Insertion sequences are short, mobile DNA segments found in various genomes, capable of relocating to different positions within the genetic material. Their mobility influences gene function and contributes to an organism’s genetic diversity. Understanding these elements helps illuminate how genomes change over time.
What Are Insertion Sequences?
Insertion sequences, or IS elements, are the simplest form of transposable elements. These genetic units are small, ranging from about 700 to 2,500 base pairs. Their structure is straightforward, consisting primarily of a gene that codes for an enzyme called transposase.
The transposase gene is flanked by short, inverted repeat sequences at each end. These inverted repeats, usually between 10 to 40 base pairs long, are recognized by the transposase enzyme and are necessary for the element’s movement. While predominantly found in bacterial and archaeal genomes, insertion sequences can also reside on plasmids (small, circular DNA molecules separate from the main chromosome) and bacteriophages (viruses that infect bacteria).
How Do Insertion Sequences Move?
Insertion sequences primarily move through a “cut-and-paste” transposition mechanism. This process begins with the transposase enzyme, encoded by the IS element, recognizing the inverted repeats at its ends. The transposase then excises the IS element from its original DNA location.
After excision, the transposase guides the IS element to a new, often random, target site within the genome. The enzyme then inserts the IS element into this new position. This insertion duplicates a short segment of target site DNA, resulting in direct repeats that flank the newly inserted IS element. This movement occurs directly at the DNA level and does not involve an RNA intermediate.
Their Role in Genetic Change
The movement of insertion sequences contributes significantly to genetic change within an organism’s genome. When an IS element inserts into an existing gene, it can disrupt the gene’s sequence, often leading to its inactivation and a change in traits. This disruption is a common source of mutations.
Insertion sequences also play a role in gene regulation. Their insertion into regions upstream of a gene, such as promoter or regulatory sequences, can alter gene expression. This can either activate a gene or reduce its activity, depending on the insertion’s location and orientation. Beyond individual genes, IS elements contribute to broader genome evolution by facilitating large-scale rearrangements like deletions, inversions, and gene duplications.
A key consequence of IS element activity is their involvement in the spread of antibiotic resistance genes among bacteria.
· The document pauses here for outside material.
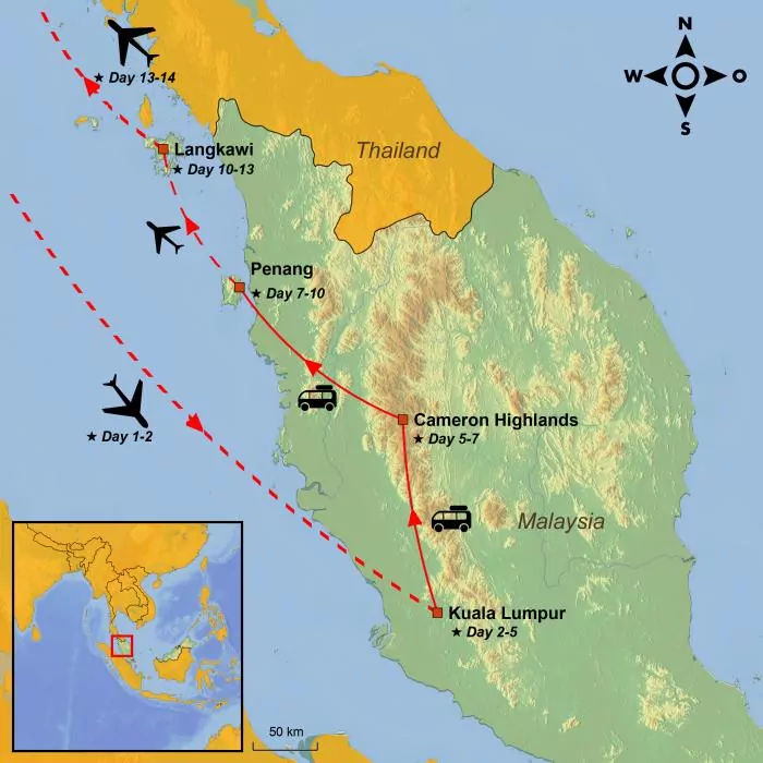 This tour showcases Malaysia’s absolute highlights: from the bustling heart of Kuala Lumpur and the serene Cameron Highlands to the cultural tapestry of George Town and the inviting sandy beaches of Langkawi.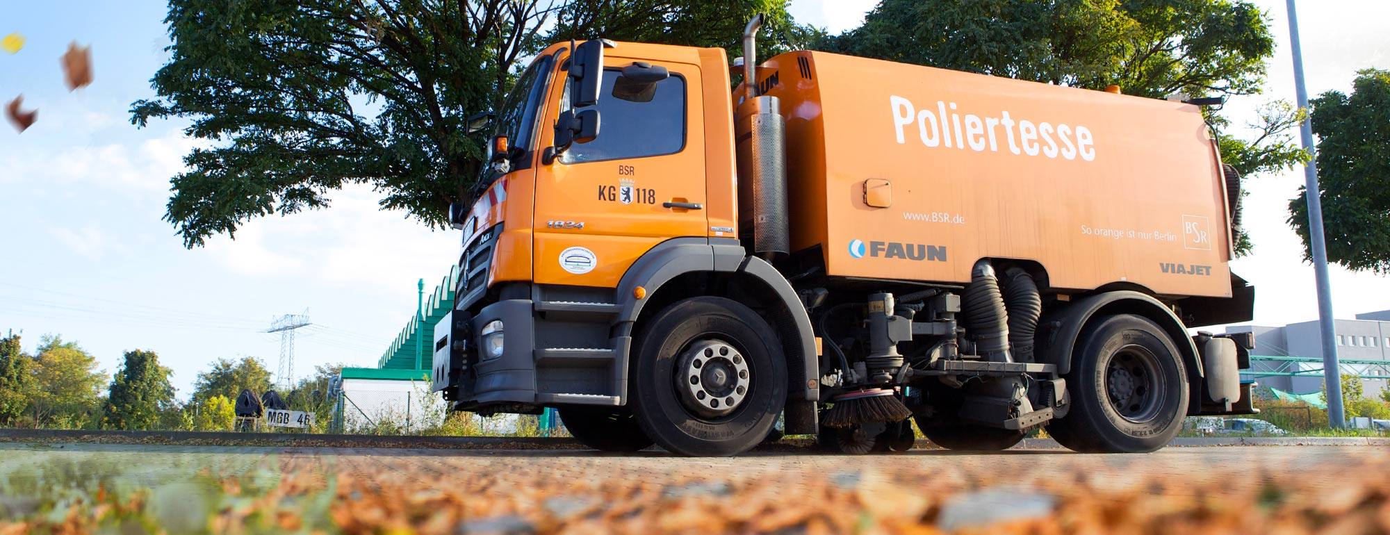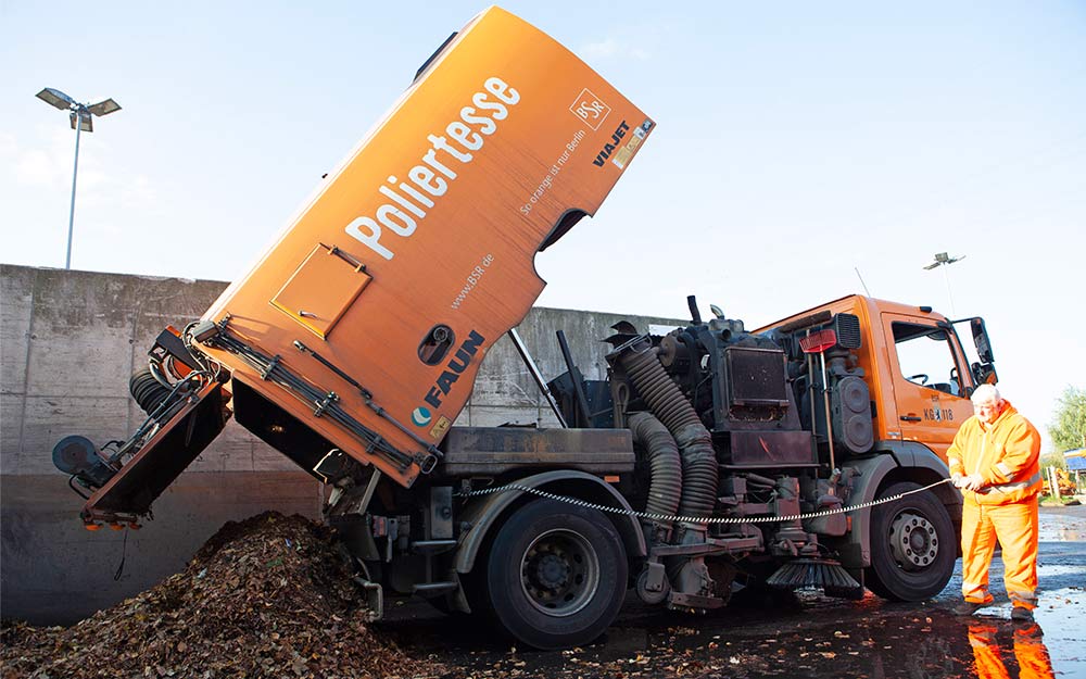 Berlin is the greenest metropolis in Europe. The streets of the capital are studded with over 400,000 trees. But the same trees that are so resplendent in spring and summer make for a heap of work – literally – in the autumn. Then, the streets and squares are strewn with more than 100,000 cubic metres of leaves. Enough to fill over 3,000 HANSA‑FLEX service containers. Removing this enormous quantity of foliage from the scene is just one of the many tasks of Berliner Stadtreinigung (BSR).

These elements can mobilize larger genetic segments carrying resistance genes, effectively transferring these traits between different bacterial strains or species. This ability makes insertion sequences important contributors to the challenge of antibiotic resistance.
Insertion Sequences Versus Other Mobile DNA
Insertion sequences are distinct from other mobile genetic elements, such as composite transposons. While both can move within a genome, IS elements are considered simpler. They typically carry only the genetic information necessary for their own transposition, primarily the gene encoding the transposase enzyme.
In contrast, composite transposons are larger and more complex. They consist of two IS elements positioned at their ends, flanking a central DNA segment that often contains additional genes. These accessory genes confer traits like antibiotic resistance. Other transposable elements, such as retrotransposons, utilize an RNA intermediate during transposition, distinguishing them from the DNA-based “cut-and-paste” mechanism of insertion sequences.